Fibre reinforced concrete is one of materials that has attracted building engineers and researchers for a long time. It can provide better material properties than plain concrete (especially in tension) and in some cases it also can behave better than conventional reinforced concrete. The term "fibre reinforced concrete" covers vast area of concrete-based materials that use reinforcement in the form of small fibres.

This paper discusses selected aspects of numerical remodelling of concrete with steel fibres. The reason for studying rather traditional materials is the possibility of experimental verification of modelling results because of the available experimental base and the tradition in material research in this area at the VSB-TU of Ostrava [1].

The discussed approaches have been implemented into an in-house finite element code and have been continuously tested and verified. If the need for numerical modelling of concrete does not include a requirement of modelling of progressive post-peak behaviour of structure then an elasto-plastic material model can be used. Its advantages over more precise constitutive models (that are usually based on fracture mechanics theories) are simpler material inputs and often also lighter computational requirements.
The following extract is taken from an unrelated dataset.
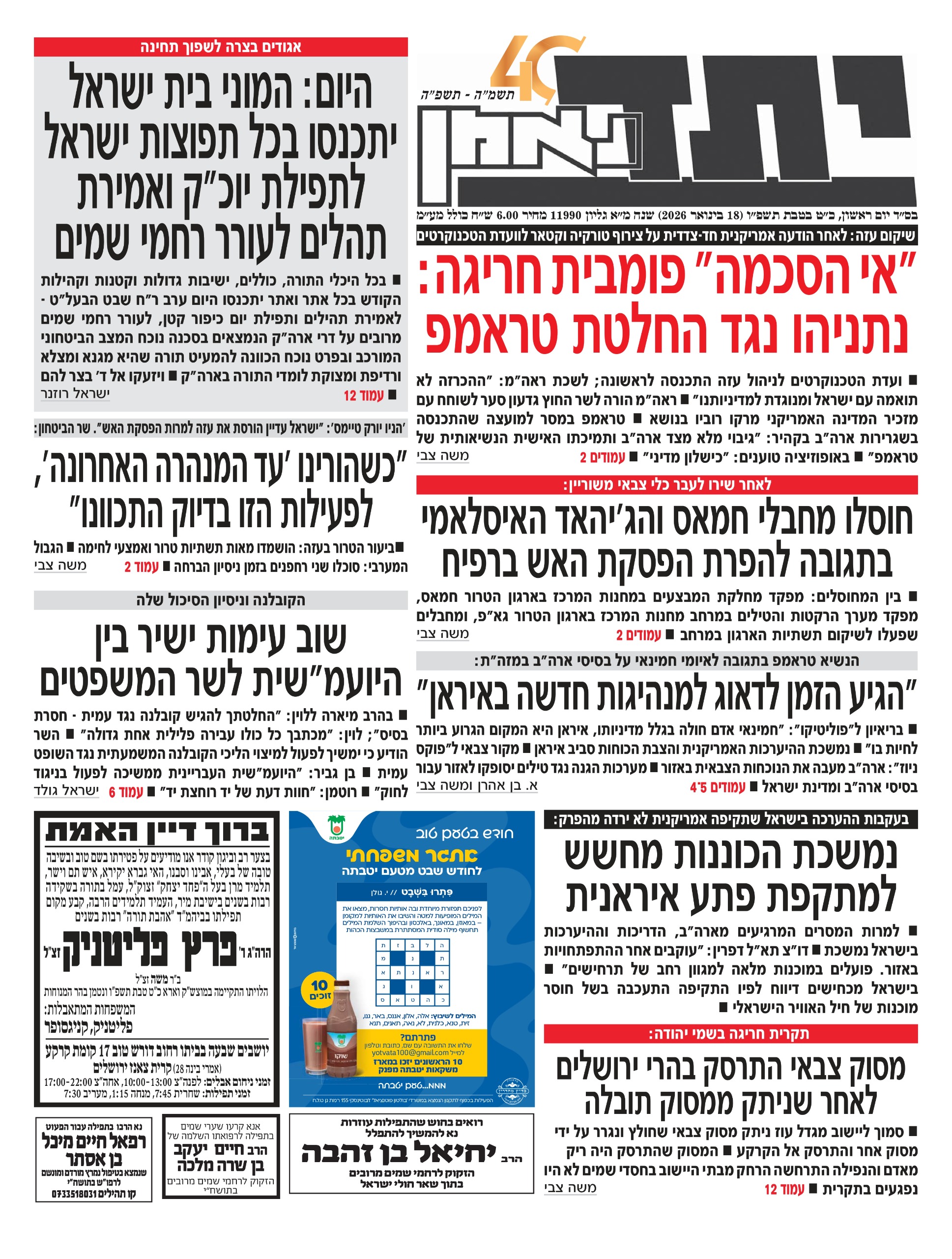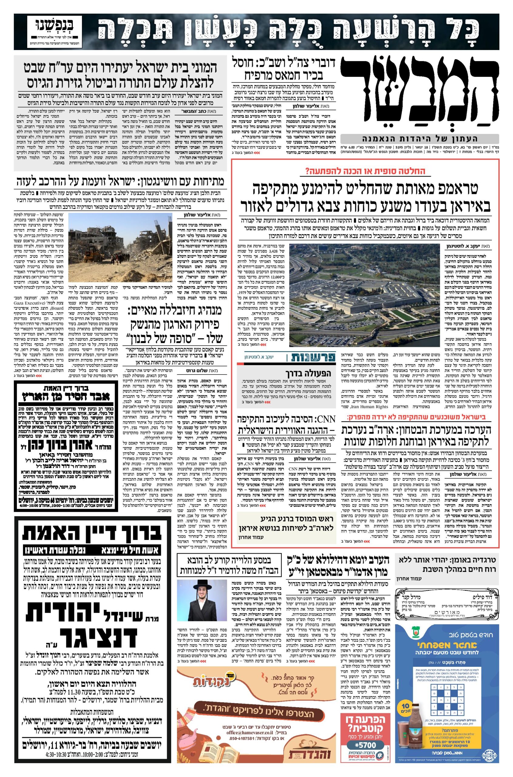 • צפו בכותרות העיתונים החרדים לבוקר יום ראשון

The constitutive model used, is based on use of the Chen-Chen [2] criteria and the Ohtani-Chen hardening model with approximation of the hardening parameters using the Ramberg-Osgood function. Fibres are modelled with use of the smeared reinforcement approach with some attention to their bond with concrete.

References

1: J.R. Cigánek, A. Materna, "Computational Verification of Experimental Research on Fibre Reinforced Concrete", in B.H.V. Topping, M. Papadrakakis, (Editors), "Proceedings of the Ninth International Conference on Computational Structures Technology", Civil-Comp Press, Stirlingshire, UK, Paper 229, 2008. doi:10.4203/ccp.88.229
2: A.C.T. Chen, W.F. Chen, "Constitutive Relations for Concrete", Journal of the Engineering Mechanics Division ASCE, 1975.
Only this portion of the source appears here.